For more space and better control, use a plastic storage box, line it with insulation, and put the heating mat inside. A thermostat is a good precaution, and you'll need some ventilation holes. Your plants will struggle for light once they germinate, so adding grow lights means you can leave them inside until they reach a good size for transplanting.

Finally, you can buy a propagator. These can be anything from £20 - £200; a cheap one, while often under-powered, will still afford you some success. It's worth noting that your plants will stall when they come out into the cold, dim light of a winter windowsill, so look for something with enough room for a bit of growth.

The Next Steps

Depending on your set up, you'll want to move the plants on sooner or later. If it is sooner, wait until the first set of true leaves is fully formed before you transfer them to another pot. If it is later, ensure the plants are not crowding each other out and restricting airflow where they are. And from here on, you're on your own. Or at least until I write a more general chilli guide to take you through the rest of the season. Happy growing!

Problems

Helmet head is the condition whereby the cotyledons (the first pair of 'leaves') are unable to emerge from the seed case, so the seed appears to be stuck on the seedling's head. There are things you can do to lessen the likelihood, but it seems there are always a few that this happens to. Trial and error suggests that keeping the seed moist, and letting the plant do its thing, is effective in 80% of cases. If that doesn't work, try teasing it off with tweezers, or giving it a snip with extra-fine scissors, but save this as a last resort, as the cotyledons are easily damaged, and if too much is lost then the plant will cease to grow (annoyingly, it will usually not die either, leading to weeks of wasted effort in the vain hope of a happy ending).

Damping off is the term used to describe seedlings dying soon after germination. It can be caused by a number of different, mainly fungal pathogens, and once the symptoms are visible in a plant it will be too late to save it. Typically, the first sign is the plant topples over, but this can also be the result of leggy growth due to low light, so don't give up on it until you've ruled that out. Prevention is the best you can hope for, and while it's beyond the scope here to go into detail, good hygiene, using clean water, not overwatering and ensuring good airflow can all help.

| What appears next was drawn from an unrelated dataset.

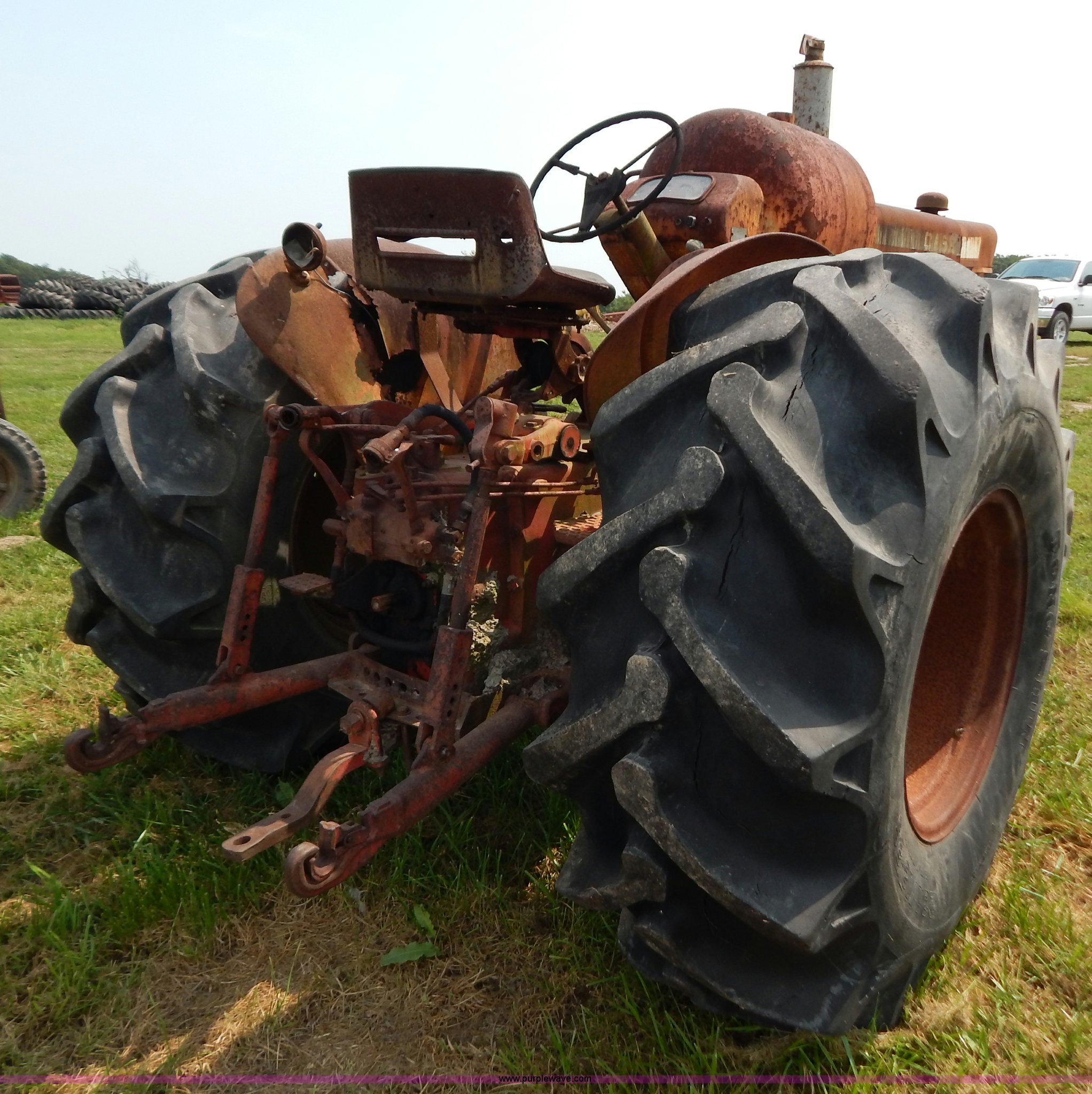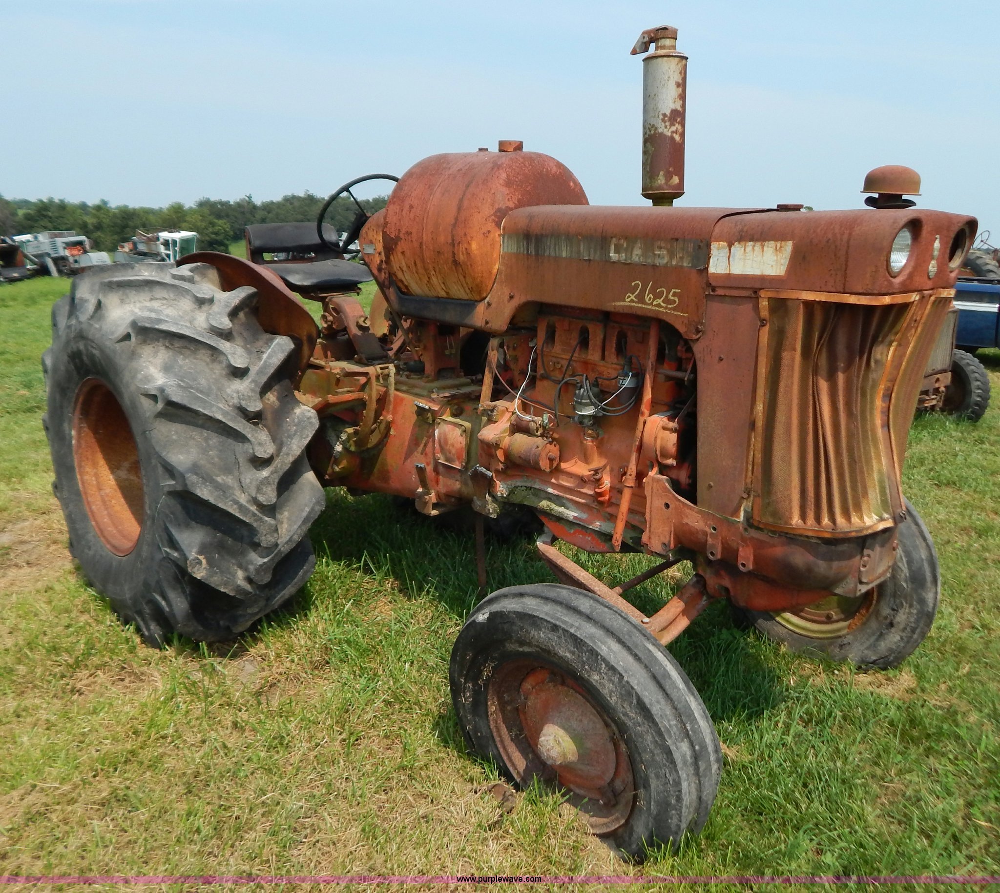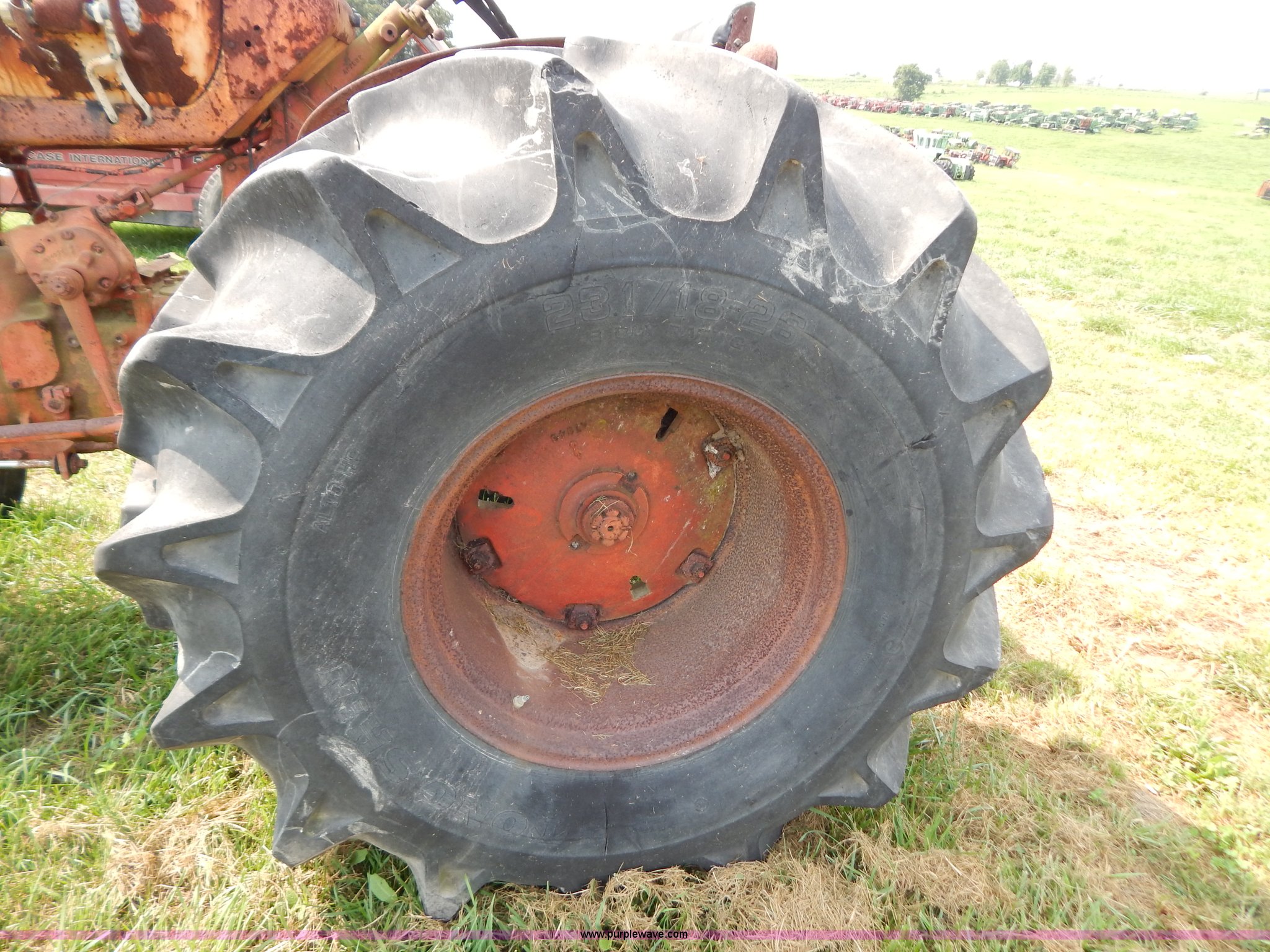 Purple Wave is selling a used Tractor in Missouri. This item is a Case 740 tractor with the following: Four cylinder propane engine, Three point, PTO, Draw bar, One rear hydraulic remote, 7.50-18 front tires, Front right tire is bad, 23.1-18-26 rear tires, Serial 8202707

Aphids. Where do they come from? Who knows, but in the middle of winter, while all other insects are deep in sleep, up they pop. Somehow, those feeble portly bodies, with their stumbling stilt legs and pathetically aimless flight, find their way into houses and home in on chillies like a precision guided missile. And once there, even in small numbers, they are ridiculously hard to get rid of. Tempting as it may be, avoid chemicals - these can burn young leaves and even kill plants. If the plants are sturdy enough, wash the bugs off under a running tap or with a hose. Rub your fingers along the leaves to squash them, if you like that sort of thing, or pick them off with a paintbrush or a bamboo skewer. You'll think you've got them all, but you won't have, so check again every few days and you should be able to keep things under control.